While many studies have reported positive results regarding the CV impacts of outcomes, not all findings have been consistent. Some researchers did not find a correlation between abnormalities detected in preoperative echocardiography and the severity of OSA, nor a relationship between surgical intervention and cardiac impairments related to SDB42,46,47.

In summary, OSA has been shown to trigger cardiac alterations affecting both the LV and right ventricle. These alterations include impairments in diastolic and systolic functions, increased mass. The severity of these disturbances typically worsens with increasing OSA severity, as measured by the AHI. Many studies have evaluated the impact of treatment, noting overall improvement in children when properly managed. Thus, OSA appears to be a significant risk factor for CV health, and treatment for OSA may benefit heart health in this population.

Management of OSA

The approach to treating a child with OSA should focus on identifying the primary phenotype and CV risk factors associated with the condition. In addition, it is crucial to consider factors that may help predict treatment outcomes and the likelihood of OSA persisting.

For children with adenotonsillar hypertrophy, adenotonsillectomy is the first-line treatment4 and improves the AHI to ≤ 1 in approximately 50-70% of cases. However, the procedure’s effectiveness diminishes in younger children, those with severe OSA, chronic asthma, or obesity. In addition, residual disease persists in 20-75% of patients, many of whom continue to snore1,48,49.

Weight management is crucial since weight loss can significantly improve OSA in overweight or obese children and may even be considered a first-line therapy for this demographic50.
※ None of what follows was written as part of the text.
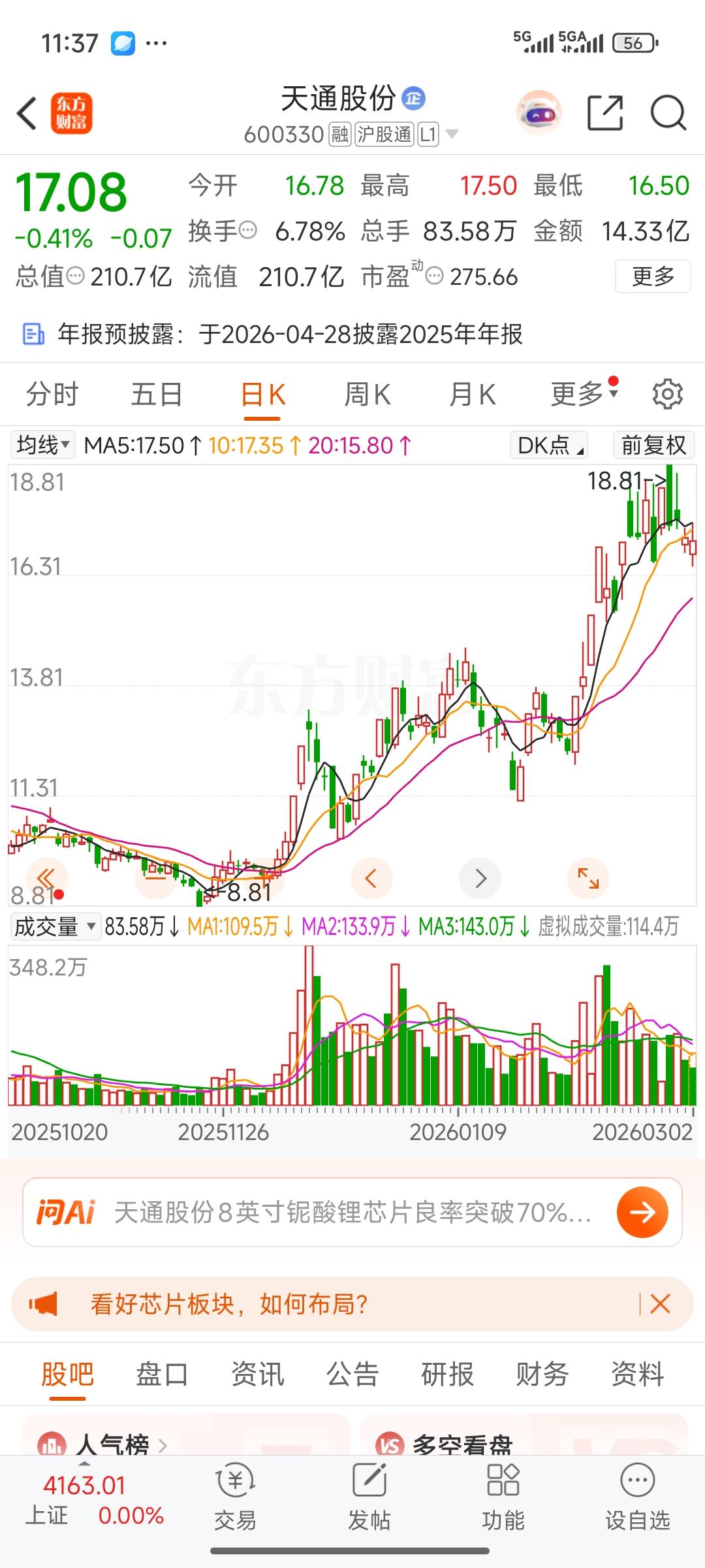 今天受美伊战争影响,大盘实际上在调整。非战争概念股大多受到波及,低开低走,天通股份也未展现出特别的强势。 我今天跟兄弟姐妹们汇报一下,我那1/4的天通股份今天清仓了,不管后期情况如何,主力可以放心涨,我已经卖出了。然后追高买入了油气股,目前处于高位,略有亏损。 我认为美伊战争不会很快结束,短则数周,长则数月。所以我觉得油气股仍有上涨空间,再加上当前金油比十分离谱,油价本身就具备上涨潜力,特此跟兄弟姐妹们汇报。美伊核博弈 美伊角力 美伊开打 航天军工股票 油气股上扬 中东股市 航空天板块

Continuous positive airway pressure (CPAP) and bi-level positive airway pressure (BiPAP) can be effective51 in children with craniofacial or neuromuscular disorders or when surgery is not an option or the result is not optimal. CPAP is the most commonly used1,3, while BiPAP is reserved for patients who cannot tolerate CPAP or those experiencing nocturnal hypoventilation24,52.

Positional therapy has been widely studied in adults but has limited evidence of effectiveness in children. Nevertheless, it may benefit obese patients or those without tonsillar hypertrophy or with residual OSA53,54.

Orthodontic treatments like rapid maxillary expansion can also help by widening the palate and enhancing airway patency5,55,56.

Medical therapies, including intranasal corticosteroids and montelukast, have demonstrated limited or short-term benefits, especially in non-obese, untreated children, although their clinical relevance remains uncertain57,58. Figure 2 summarizes the available treatment options.

Figure 2. OSA treatment options. CPAP: continous positive airway positive pressure; OSA: obstructive sleep apnea.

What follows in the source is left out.